*** Opening DATA SUPPLIED ***

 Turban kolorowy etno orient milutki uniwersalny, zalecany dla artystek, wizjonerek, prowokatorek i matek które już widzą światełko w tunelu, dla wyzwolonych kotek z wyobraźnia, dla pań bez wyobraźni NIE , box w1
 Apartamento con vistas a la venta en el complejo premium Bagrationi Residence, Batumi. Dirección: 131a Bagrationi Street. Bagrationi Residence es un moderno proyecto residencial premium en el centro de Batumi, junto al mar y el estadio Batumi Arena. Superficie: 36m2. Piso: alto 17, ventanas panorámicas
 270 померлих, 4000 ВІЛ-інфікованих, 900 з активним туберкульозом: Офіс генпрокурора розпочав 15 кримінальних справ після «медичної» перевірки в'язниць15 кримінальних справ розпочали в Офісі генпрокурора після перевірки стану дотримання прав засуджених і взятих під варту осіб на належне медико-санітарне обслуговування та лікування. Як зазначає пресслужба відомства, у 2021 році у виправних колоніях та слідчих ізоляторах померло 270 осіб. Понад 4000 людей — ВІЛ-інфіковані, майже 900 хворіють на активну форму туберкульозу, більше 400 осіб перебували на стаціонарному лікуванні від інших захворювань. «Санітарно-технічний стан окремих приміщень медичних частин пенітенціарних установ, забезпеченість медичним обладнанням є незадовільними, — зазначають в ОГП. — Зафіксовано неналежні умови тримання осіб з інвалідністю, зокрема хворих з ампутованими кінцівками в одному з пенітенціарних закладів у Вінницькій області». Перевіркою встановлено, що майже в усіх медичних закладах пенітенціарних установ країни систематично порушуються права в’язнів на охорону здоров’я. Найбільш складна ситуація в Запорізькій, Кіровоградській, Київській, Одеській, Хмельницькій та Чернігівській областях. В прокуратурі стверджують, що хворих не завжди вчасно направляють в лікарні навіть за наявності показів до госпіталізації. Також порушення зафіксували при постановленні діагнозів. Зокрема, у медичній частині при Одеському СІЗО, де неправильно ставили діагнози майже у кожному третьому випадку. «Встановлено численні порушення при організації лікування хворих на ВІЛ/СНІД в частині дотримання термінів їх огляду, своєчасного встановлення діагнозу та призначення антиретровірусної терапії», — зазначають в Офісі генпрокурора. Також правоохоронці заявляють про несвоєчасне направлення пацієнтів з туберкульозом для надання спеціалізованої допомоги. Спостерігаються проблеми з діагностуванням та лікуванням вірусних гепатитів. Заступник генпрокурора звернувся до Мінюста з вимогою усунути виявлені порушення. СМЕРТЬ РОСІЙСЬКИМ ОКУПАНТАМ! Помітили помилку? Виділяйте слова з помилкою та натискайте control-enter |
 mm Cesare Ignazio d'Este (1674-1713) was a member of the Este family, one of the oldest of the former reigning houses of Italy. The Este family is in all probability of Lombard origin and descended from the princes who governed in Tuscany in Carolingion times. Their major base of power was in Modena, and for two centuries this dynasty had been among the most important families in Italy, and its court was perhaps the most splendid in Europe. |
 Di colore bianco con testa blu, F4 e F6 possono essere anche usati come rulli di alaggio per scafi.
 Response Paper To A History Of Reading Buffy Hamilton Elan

*** Closing DATA SUPPLIED ***
*** Opening DATA SUPPLIED ***

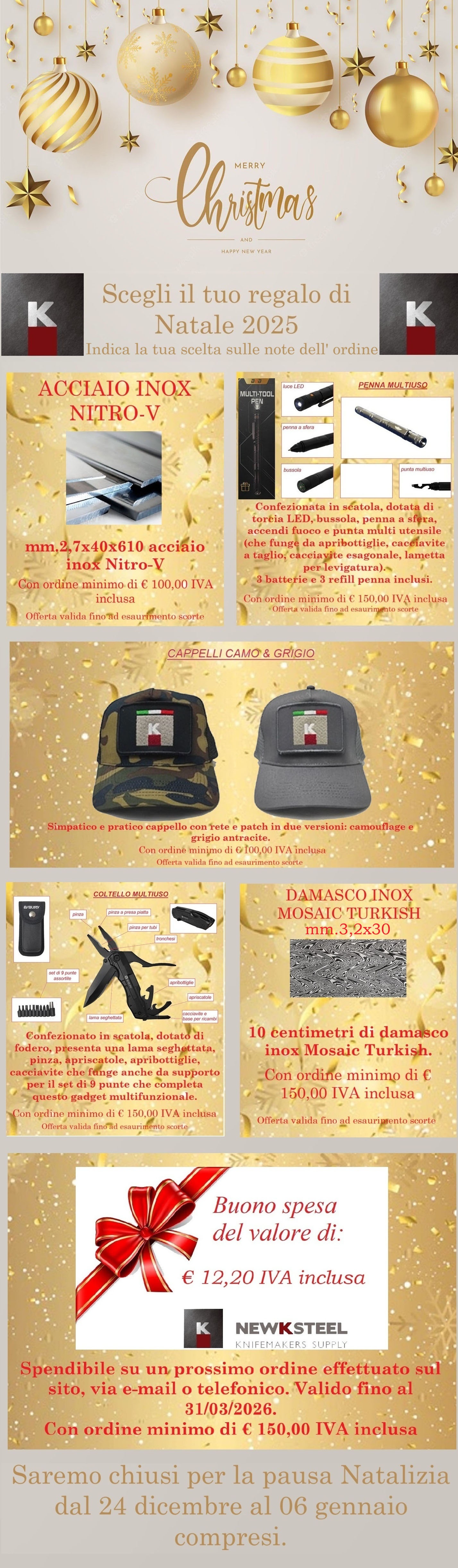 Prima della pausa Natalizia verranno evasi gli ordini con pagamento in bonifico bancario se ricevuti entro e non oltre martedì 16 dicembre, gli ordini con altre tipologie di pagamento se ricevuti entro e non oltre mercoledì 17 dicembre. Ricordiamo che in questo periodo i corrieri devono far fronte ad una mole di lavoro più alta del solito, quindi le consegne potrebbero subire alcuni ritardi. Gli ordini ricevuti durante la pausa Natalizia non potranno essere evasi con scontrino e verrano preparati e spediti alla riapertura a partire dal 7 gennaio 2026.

*** Closing DATA SUPPLIED ***
*** Opening DATA SUPPLIED ***

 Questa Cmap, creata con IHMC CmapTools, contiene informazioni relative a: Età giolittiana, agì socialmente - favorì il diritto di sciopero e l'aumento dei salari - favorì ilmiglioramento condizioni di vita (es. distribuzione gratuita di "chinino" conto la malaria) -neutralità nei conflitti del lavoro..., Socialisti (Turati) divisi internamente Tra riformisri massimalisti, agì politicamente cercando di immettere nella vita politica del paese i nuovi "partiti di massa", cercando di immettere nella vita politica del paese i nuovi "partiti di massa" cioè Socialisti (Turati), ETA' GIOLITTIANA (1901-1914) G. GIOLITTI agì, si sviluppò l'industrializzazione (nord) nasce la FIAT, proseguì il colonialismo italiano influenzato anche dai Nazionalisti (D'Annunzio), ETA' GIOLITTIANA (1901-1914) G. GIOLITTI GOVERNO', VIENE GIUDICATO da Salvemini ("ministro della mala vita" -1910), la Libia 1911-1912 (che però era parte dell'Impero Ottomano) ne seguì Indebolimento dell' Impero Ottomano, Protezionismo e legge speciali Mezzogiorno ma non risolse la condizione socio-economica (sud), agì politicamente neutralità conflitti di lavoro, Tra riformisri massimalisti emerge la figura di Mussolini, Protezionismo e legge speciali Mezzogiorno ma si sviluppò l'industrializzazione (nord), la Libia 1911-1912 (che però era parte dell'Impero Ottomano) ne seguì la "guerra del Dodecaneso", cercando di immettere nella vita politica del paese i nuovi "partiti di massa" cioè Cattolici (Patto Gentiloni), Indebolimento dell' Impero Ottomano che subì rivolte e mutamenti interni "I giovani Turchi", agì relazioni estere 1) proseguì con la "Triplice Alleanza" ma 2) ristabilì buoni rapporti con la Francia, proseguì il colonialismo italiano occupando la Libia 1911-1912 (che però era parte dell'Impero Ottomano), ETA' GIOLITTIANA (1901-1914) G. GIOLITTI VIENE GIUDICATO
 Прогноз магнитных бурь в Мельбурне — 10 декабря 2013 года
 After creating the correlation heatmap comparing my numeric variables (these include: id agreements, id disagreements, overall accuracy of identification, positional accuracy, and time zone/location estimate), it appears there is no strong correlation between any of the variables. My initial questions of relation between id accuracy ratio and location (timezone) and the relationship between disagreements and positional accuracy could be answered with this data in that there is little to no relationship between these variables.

*** Closing DATA SUPPLIED ***

EXERCISE DESCRIPTION: Across the whole listing above, state how many lines contain "this". Only the number is wanted.

SOLUTION: 2